Mainstream rock (also known as heritage rock) is a radio format used by many commercial radio stations in the United States and Canada.

Format background
Mainstream rock stations represent the middle ground between classic rock and active rock on the programming spectrum, in that they play more classic rock songs from the 1970s and 1980s and fewer songs from emerging acts than active rock stations, and only rarely play songs on the softer edge of the classic rock format. They program a balanced airplay of tracks found on active rock and classic rock playlists, but the music playlist tends to focus on charting hard rock music from the 1970s through the 2000s.

Mainstream rock is the true successor to the widespread album-oriented rock (AOR) format created in the 1970s. However, mainstream rock can be used as a modernized update of classic rock if any radio station playlist has to cut back on some active rock artists and songs due to ratings and popularity demand, which is an absolute variable in each local market by each state and each franchised or locally owned radio company operation. To this day, there are a select few mainstream rock programmed stations that will purposely play any new rock artist while keeping the classics involved, which sits on a borderline scale being influenced by active rock strongly. Meanwhile, some stations consist of playing all 40 years worth of rock hits, ranging from classic hard rock and hair metal artists all the way to 2000s hard rock and metal artists, the format is an open variable.
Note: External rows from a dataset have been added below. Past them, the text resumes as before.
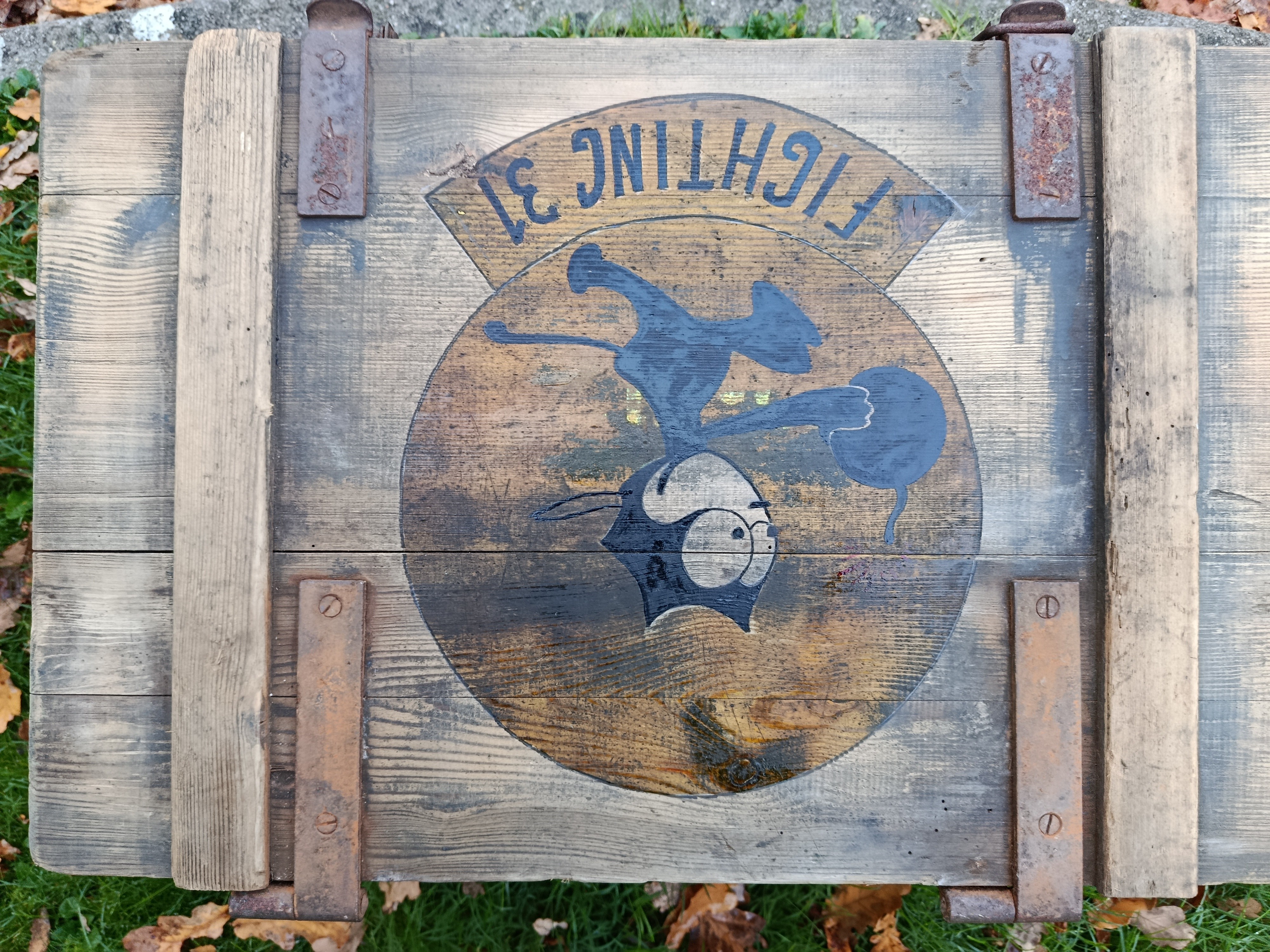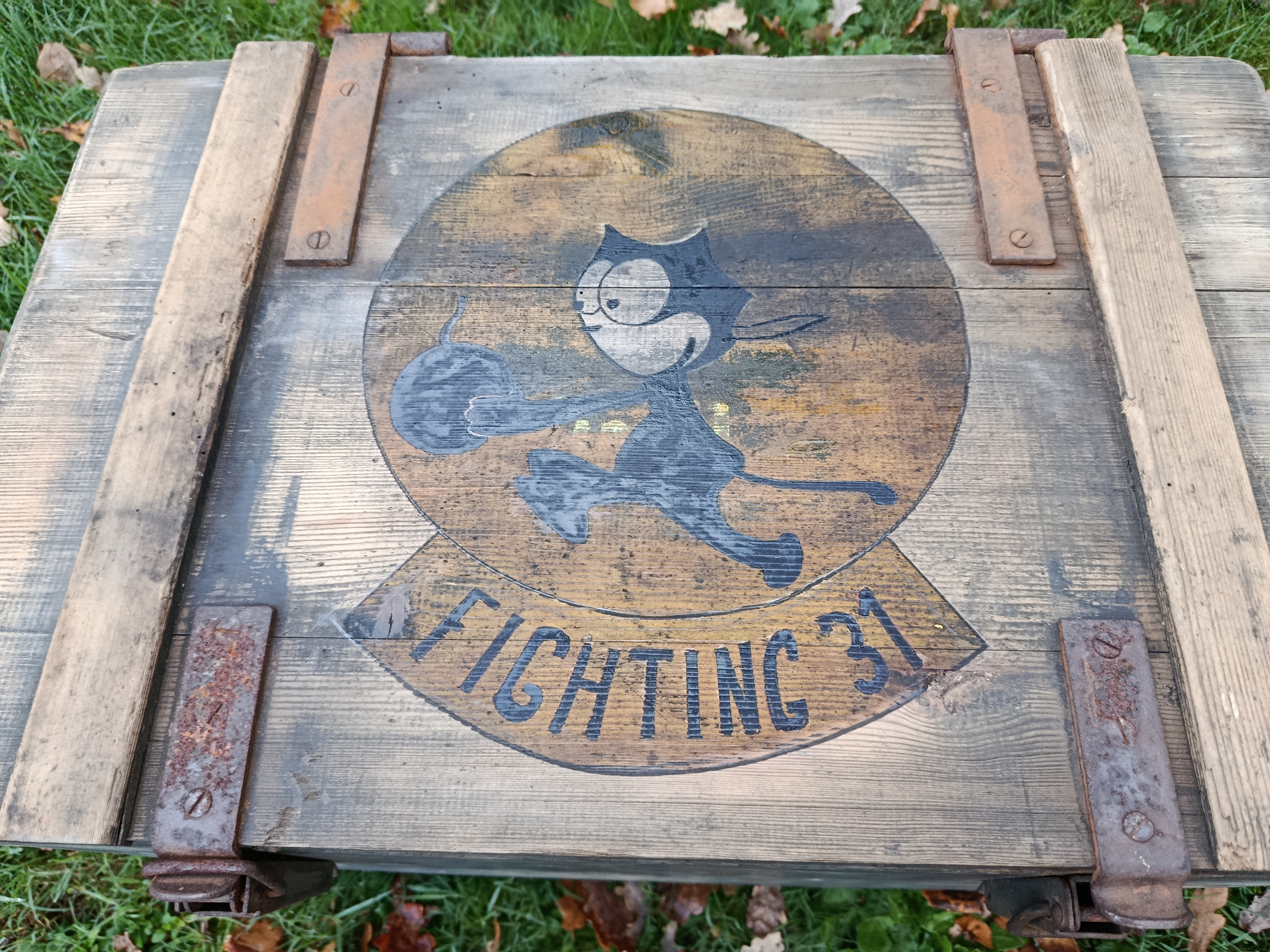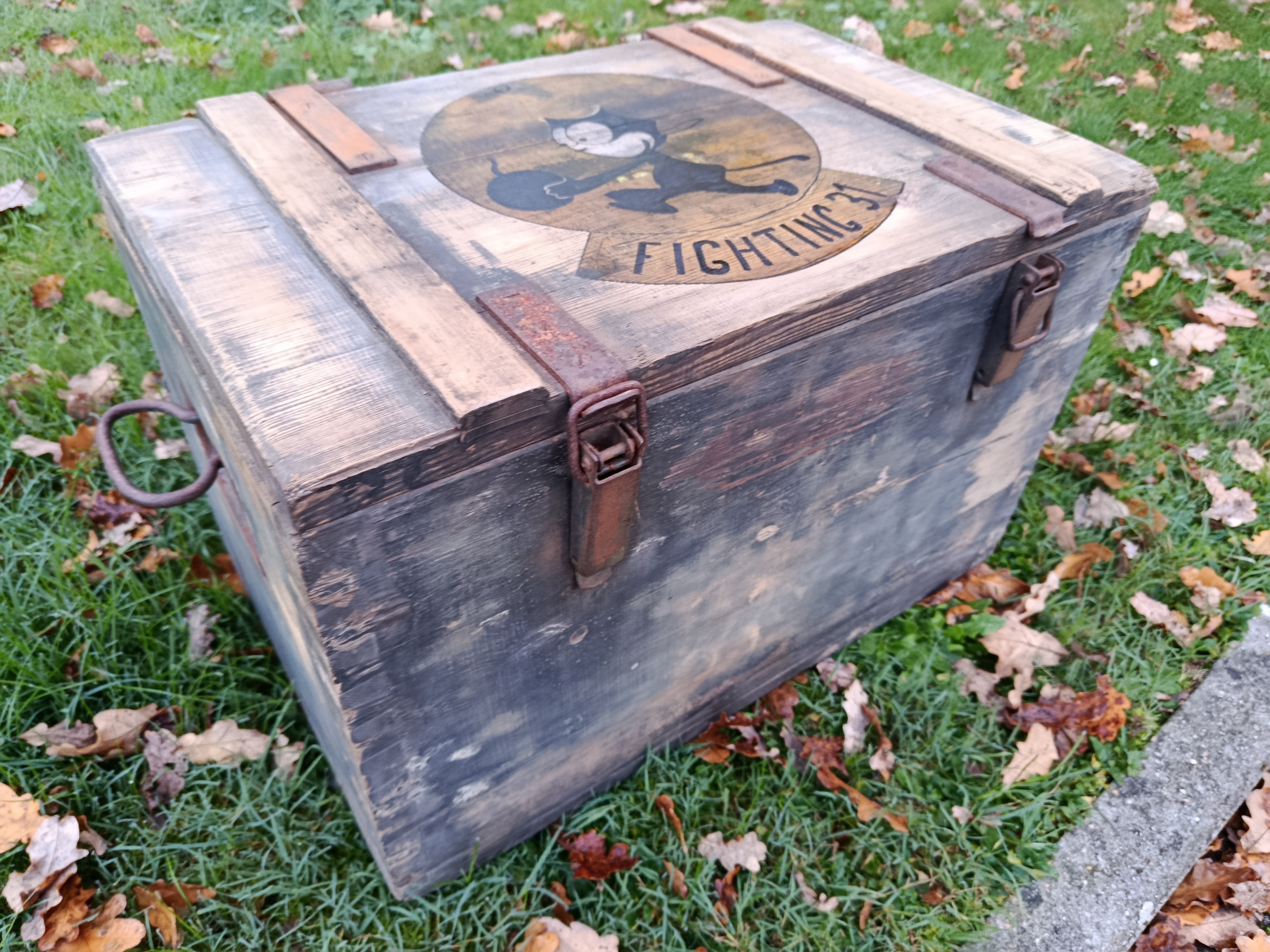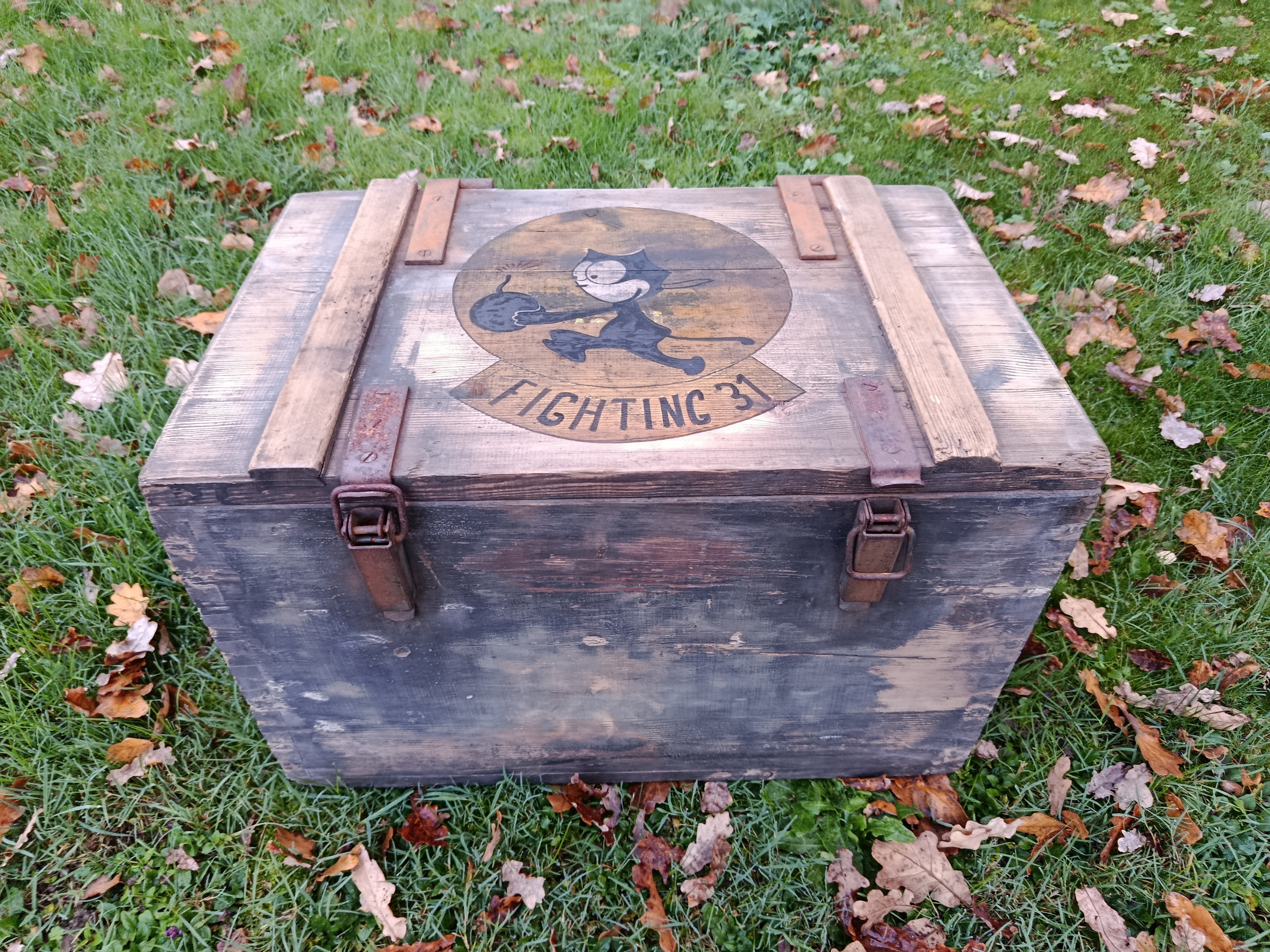 Caisse à munitions de la seconde guerre mondiale - thème "Felix le chat" portant une bombe - Mascotte US air-force - malle très solide - bois épais - peut aisément servir de banc - tabouret - petite caisse à jouets
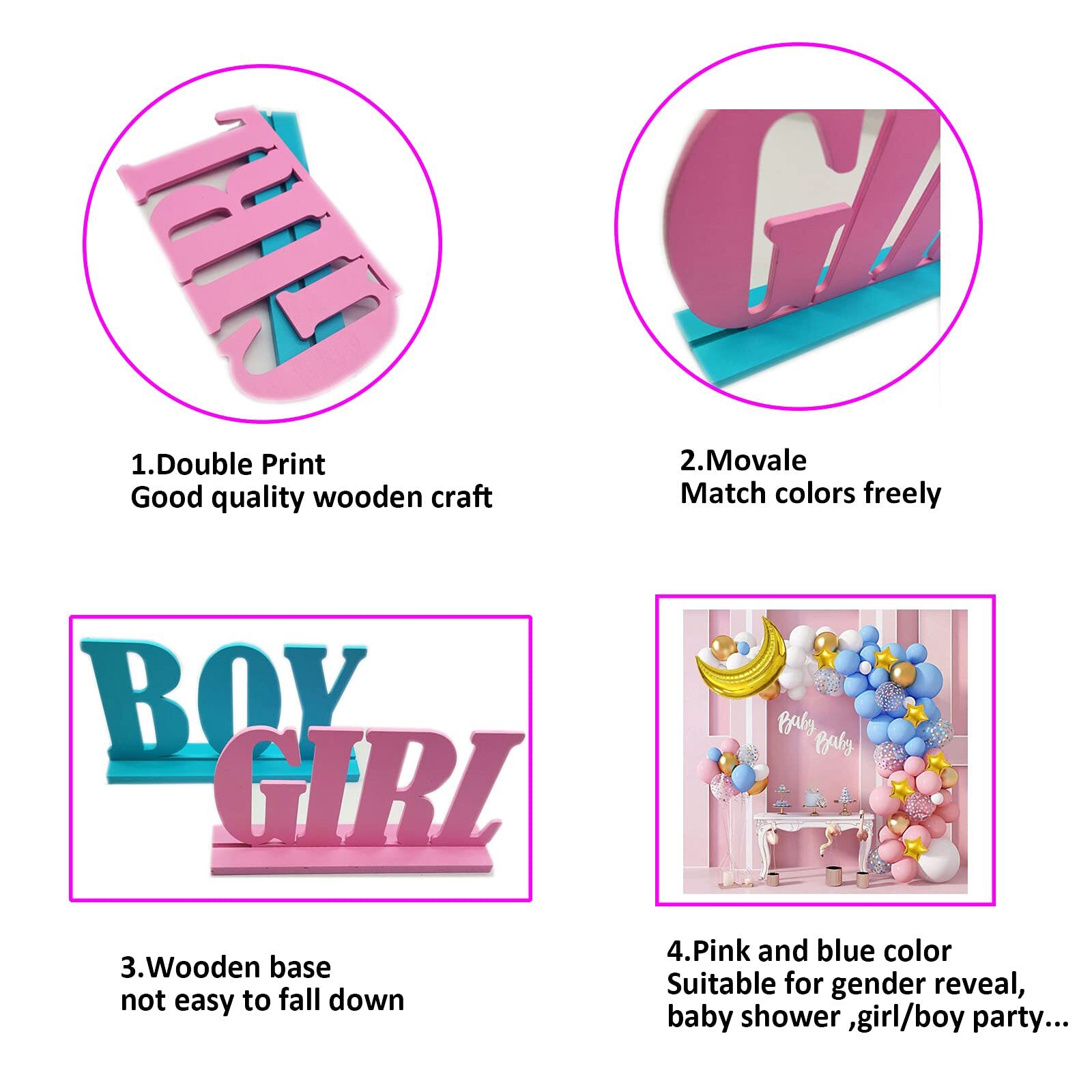 Gender Reveal Decor 2 Wooden Signs Blue Pink Table Centerpiece Baby Shower
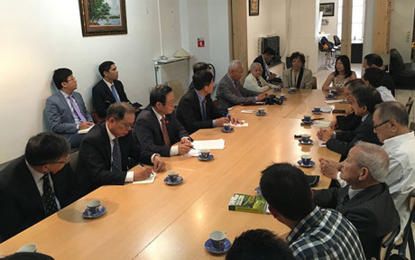 Phó Chủ tịch Quốc hội Phùng Quốc Hiển làm việc với Việt kiều tại Pháp. VOV |
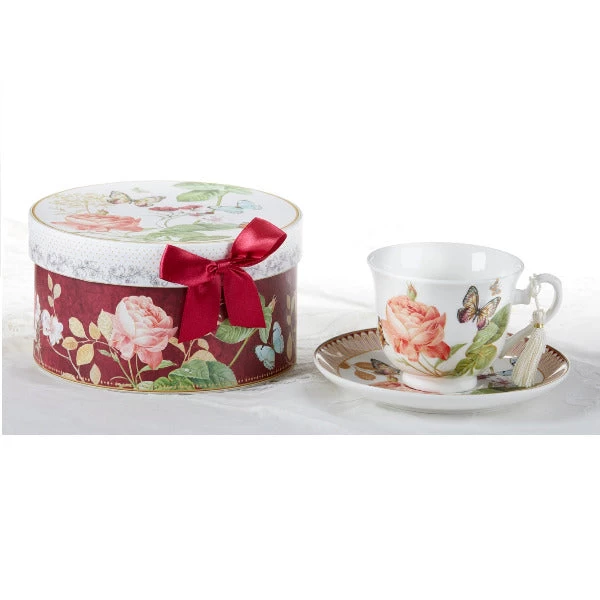 Porcelain Tea Cup & Saucer Burgundy Peony In Gift Box

Acts that receive heavy airplay on classic rock stations, including The Beatles, Elton John, Fleetwood Mac, Eagles, or Supertramp receive some airplay on mainstream rock stations, albeit less frequently than acts like Green Day, Nirvana, Pearl Jam, Foo Fighters, Red Hot Chili Peppers, or Alice in Chains. Classic rock of the late 1960s to the late 1980s with the addition of 1990s alternative and grunge is the typical expectation for mainstream rock, it is less common to hear many newer rock artists.

Mainstream rock has evolved into a sequel for the classic rock radio format. It has begun to remove artists that are post 1990s, following a trend as classic rock stations rarely play harder songs and artists within their format.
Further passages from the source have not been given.